Internal-combustion engines – Charge forming device – Including exhaust gas condition responsive means
Reexamination Certificate
2002-12-17
2004-04-13
Solis, Erick (Department: 3747)
Internal-combustion engines
Charge forming device
Including exhaust gas condition responsive means
Reexamination Certificate
active
06718959
ABSTRACT:
FIELD OF THE INVENTION
The present invention relates to a fuel control method for a gasoline engine, and more particularly, to a fuel control method that employs air/fuel ratio matching coefficients to decrease the difference between the air/fuel ratios of a first cylinder bank and a second cylinder bank.
BACKGROUND OF THE INVENTION
There have been many attempts to increase engine output torque and decrease emission gases through engine fuel control. These have resulted in the development of an oxygen sensor for feedback control of the air/fuel ratio. To control the ratio, the oxygen sensor is disposed in the exhaust system of the engine. It detects the oxygen concentration in the exhaust gas. Signals from the oxygen sensor are used to maintain the air/fuel ratio near a stoichiometric value (14.7:1) through feedback control.

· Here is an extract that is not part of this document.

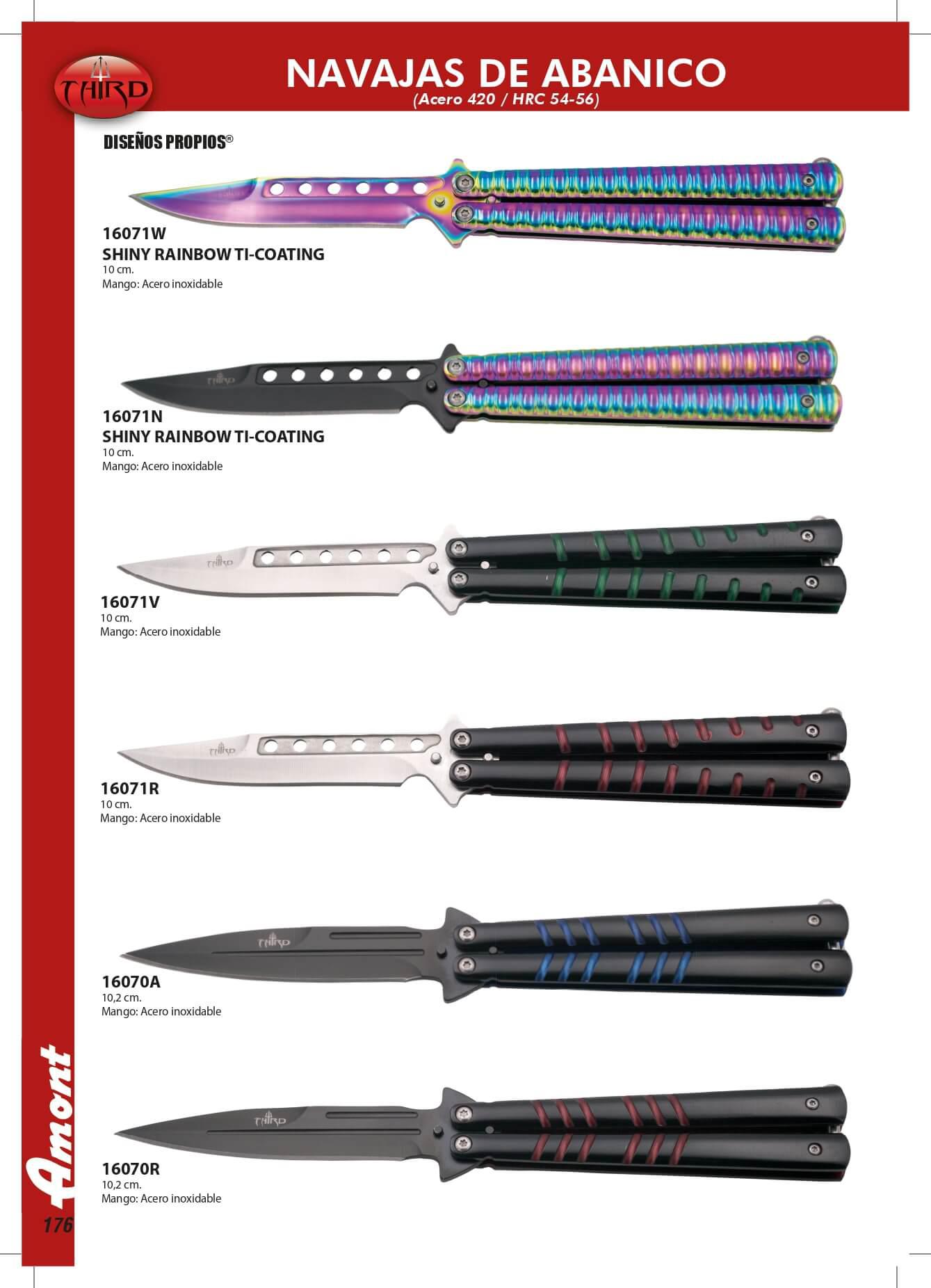 Navaja mariposa de 10 cm con mango de acero inoxidable multicolor.
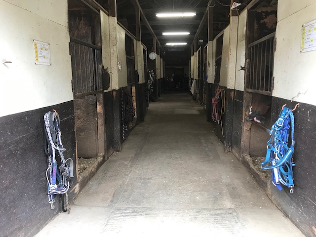 ■厩舎内 ゴムマットの上を馬を連れてあるく様子

The air/fuel ratio is determined by engine operating conditions. For precise control of the air/fuel ratio, many control steps are needed for achieving and maintaining the stoichiometric value.
The air/fuel ratio is mainly determined by the amount of air and fuel. An initial amount of fuel is determined based on an amount of air drawn into the engine, as determined by a conventional mass air flow sensor. After setting the initial amount of fuel based on various operating conditions, such as different coolant temperatures, intake air temperatures, amounts of purge fuel, throttle openings, and engine speeds, etc., a final amount of fuel is determined. Also, the air/fuel ratio is modified through a feedback control loop than uses signals of the oxygen sensor to maintain the air/fuel ratio near the stoichiometric value.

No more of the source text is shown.